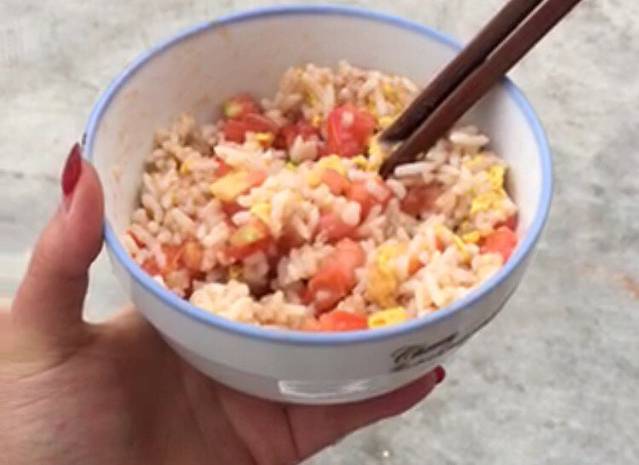 却突然想起带的番茄,于是问老板要了个鸡蛋自己开小灶炒了番茄蛋炒饭!
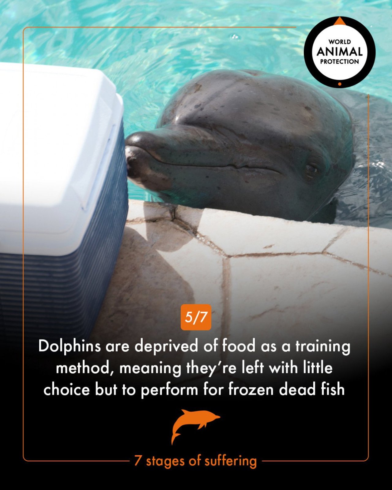 Dolphins are deprived of food as a training method, meaning they’re left with little choice but to perform for frozen dead fish.
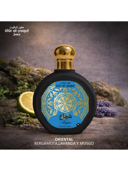 Utur Al-Yaqut SHUJAE Perfume de hombre EDP de 100ml. Shujae es una fragancia oriental marcada por la energía brillante de la bergamota. Su corazón aromático de lavanda aporta elegancia y equilibri, mientras que el fondo de musgo añade profundidad y un carácter envolvente. Un perfume sofisticado, firme y con la esencia clásica de la perfumería árabe. Disfruta al máximo de tu fragancia aplicándola directamente sobre la piel, preferiblemente a unos 15–20 cm de distancia. Rocía en los puntos de pulso - como muñecas, cuello, detrás de las orejas o interior de los codos - para potenciar su fijación y permitir que el aroma se desarrolle por completo. Para una mayor duración, úsala sobre piel bien hidratada y, si lo deseas, aplica una ligera pulverización en la ropa, evitando tejidos delicados. Evita frotar las muñecas tras la aplicación para no alterar la evolución natural del perfume. Utilízalo en tu rutina diaria o en momentos especiales: cada fragancia está diseñada para acompañarte con una estela elegante y envolvente durante todo el día.
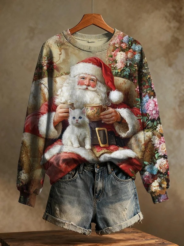 Cat Santa Sits On Sofa Christmas Sweatshirt Cute Holiday Gifts For Cat Lovers
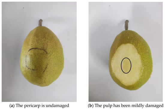 During practical production and processing, fruits are extremely susceptible to mechanical damage, thus influencing storage quality. There is a concern about whether storage quality can meet the industrial standards. Variation laws regarding the quality of damaged fruits during storage are a key concern of scholars. Shao [7] investigated the characteristics of storage quality of Citrus reticulate Blanco after extrusion damage and discovered that hardness, SSC, and titratable acid may show a declining trend if they suffer extrusion larger than 12 mm during storage, although the respiration intensity and ethanol and acetaldehyde contents may continuously increase, resulting in a decrease in quality. Pathare et al. [8] caused different degrees of impact damage to tomato fruits and stored them under 10 °C and 22 °C for 10 days. They found that damage area, weight loss ratio, total colour difference value, colour index, total soluble solids, and pigment content increased significantly with the increase in storage temperature and impact height. Although previous research has shown that damages have some influence on the storage quality of fruits, the effects of mechanical damages on the storage quality of Korla fragrant pears have yet to be explored. Some studies have pointed out that hardness and SSC are the most important internal quality attributes of fruits such as pears and are often used as major indexes to evaluate fruit quality [9,10]. Yu et al. [11] analysed the quality changes in pears during storage and found that hardness and SSC decreased continuously. Yu et al. [12] found that SSC was the key quality parameter of Korla pear. Chen et al. [13] studied the changes in physical and chemical properties of fragrant pear during storage and discovered that, after three months of storage, flesh hardness decreased and SSC increased continuously. Therefore, key attention shall be paid to influencing laws of mechanical damages on hardness and SSC of storage quality of fragrant pears. Furthermore, scientifically proven ways must be used to estimate the internal quality of damaged fragrant pears during storage.
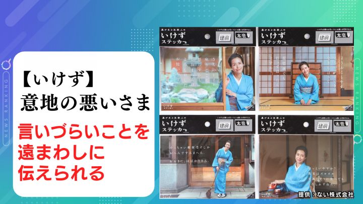 意地の悪いさまを表す「いけず」は、「言いづらいことを遠まわしに伝える」表現で、ステッカーでは、日常の“あるある”なシーンを舞台に、本音と建前が表現されています。
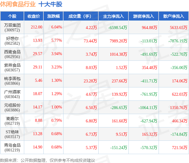 个股表现方面,休闲食品行业当日领涨股为万辰集团(300972),该股当日报收212.0,上涨6.04%,成交量4.22万,主力资金净流出6598.54万元。好想你(002582)以上涨5.77%紧随其后,该股当日成交量73.44万,主力资金净流入7989.2万元。除此之外,西麦食品(002956)、紫燕食品(603057)、桃李面包(603866)均进入当日牛股之列。具体个股列表见下表:
----
Please give again, exactly and only, the lines from the top of the listing above through the line that has "Dolphins are deprived", with pictures left out.

 却突然想起带的番茄,于是问老板要了个鸡蛋自己开小灶炒了番茄蛋炒饭!
 Dolphins are deprived of food as a training method, meaning they’re left with little choice but to perform for frozen dead fish.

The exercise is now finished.